La logística está sufriendo de manera directa la travesía del desierto económico. Menos actividad por un lado, pero mucha más tensión, frecuencias, entregas, por el otro. Y a menor consumo, menor inversión y reducción de la facturación de los proveedores de productos y servicios logísticos, que se refugian en sus tradicionales cuarteles de invierno (o quizás se agarran a ellos como un clavo ardiendo). Y uno de los más tradicionales es la alimentación.

Las costumbres cambian que es una barbaridad -que diría don Hilarión- y de la tienda de ultramarinos pasamos a la pequeña superficie de alimentación -ambas aún “tiendas del barrio”-, de ahí al supermercado, que nos llevó a hacer la compra más lejos, y luego al híper, que no sacó de la ciudad, metamorfoseando el carro de la compra en el maletero del coche.

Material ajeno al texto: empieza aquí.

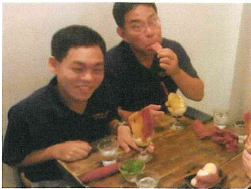
取引先であるカフェ「蜜香屋」におじゃましてきました！

Ahora el ciclo se invierte y -como dicen que le ocurrirá al Universo- después de la expansión viene la contracción. Y vuelta al barrio. Ahí están las apuestas anunciadas por sus Consejos de Administración de El Corte Inglés (Supercor y Supercor Express) y Carrefour (Carrefour Express y Carrefour Market). Los maltrechos resultados de sus grandes centros comerciales y – sobre todo- el hecho de que el consumo de la alimentación haya mantenido el tipo mucho mejor que los productos textiles o de bazar, empujan a estos grandes a volver o llegar por primera vez a territorios tradicionales aunque, eso sí, muy competidos, pues enseñas como Ahorramás, Lidl o Dia, por citar sólo algunas, ya ocupan ese espacio. Por cierto cada vez más afín a la tienda de barrio de hace tres o cuatro décadas.

Afortunadamente, a la logística aún le “alimenta” -y mucho- esta oportunidad que, de nuevo, demuestra que la cadena de suministros urbana (DUM) va a ser la gran clave del transporte y la logística de mercancías en los próximos años. El ser o no ser. Y no sólo en España. En el fondo el barrio es un territorio conocido en las grandes ciudades, del que nos habíamos olvidado y al que ahora, que llega el invierno, habrá que volver con más frecuencia.